Friday, July 27, 2012

Loblaw earnings drop 19%

Loblaw Cos. Ltd profit fell by almost one fifth last quarter, even as same store sales expanded slightly.

Canada's largest grocery store chain said profit was 57 cents per share, down almost 19 per cent compared with the same period in 2011.

Revenue was $7.37 billion, an increase of 1.3 per cent over the second quarter of 2011. Retail sales and same-stores sales grew 1.1 per cent and 0.2 per cent respectively. Same-store sales are a key metric of retail health, measuring sales at already established stores and stripping out the impact of new store openings.

The company currently operates more than 1,000 grocery stores across the country under numerous banners, including Great Canadian Super Store, Provigo, No Frills and Atlantic Superstore.
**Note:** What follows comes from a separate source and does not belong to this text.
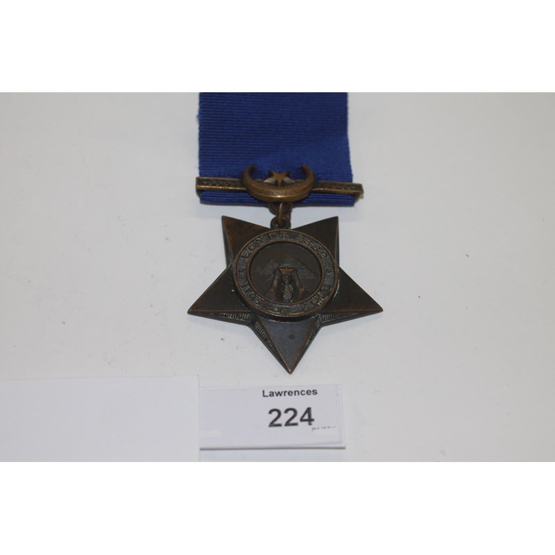 A KHEDIVES STAR. An unnamed Khedives Star with 1882 date, complete with mount and crescent/star.

The company is battling Wal-Mart's Supercentres in a tight battle to dominate the Canadian grocery industry. Loblaw has cited costs related to upgrading the company's inventory and IT system in order to better compete in almost every quarter since the world's largest retailer started selling groceries in Canada more than five years ago.
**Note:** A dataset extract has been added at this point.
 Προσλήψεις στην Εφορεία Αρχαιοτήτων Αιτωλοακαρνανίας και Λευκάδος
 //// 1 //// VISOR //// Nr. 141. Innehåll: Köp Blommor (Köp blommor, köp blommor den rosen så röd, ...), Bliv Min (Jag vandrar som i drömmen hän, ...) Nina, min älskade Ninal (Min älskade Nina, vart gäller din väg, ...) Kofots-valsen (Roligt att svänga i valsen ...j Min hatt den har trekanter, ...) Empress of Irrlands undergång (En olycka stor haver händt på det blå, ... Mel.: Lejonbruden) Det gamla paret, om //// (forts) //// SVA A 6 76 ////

As far back as the third quarter of 2007, Loblaw made mention in its quarterly report of "a new multi-year plan to upgrade information technology and supply chain infrastructure designed to substantially improve efficiency" and one that was expected to cost hundreds of millions of dollars.

That plan is still underway, as the grocer cited a $66 million charge related to IT costs in its consolidated operating income on Wednesday.

"In the second quarter we continued to execute our plan," executive chairman Galen Weston said in a release Wednesday.

"We remain confident that our ongoing investments in infrastructure, including the completion of our IT implementation, will enable efficiencies and expense leverage to drive future earnings growth."

Weston added, however, that the "outlook for 2012 is unchanged ? we continue to expect full-year net earnings to be down year-over-year."

For 2012 as a whole, Loblaw says it expects capital expenditures of approximately $1.1 billion, with approximately 40 per cent to be dedicated to investing in IT infrastructure and supply chain projects and the remaining 60 per cent to be spent on retail operations.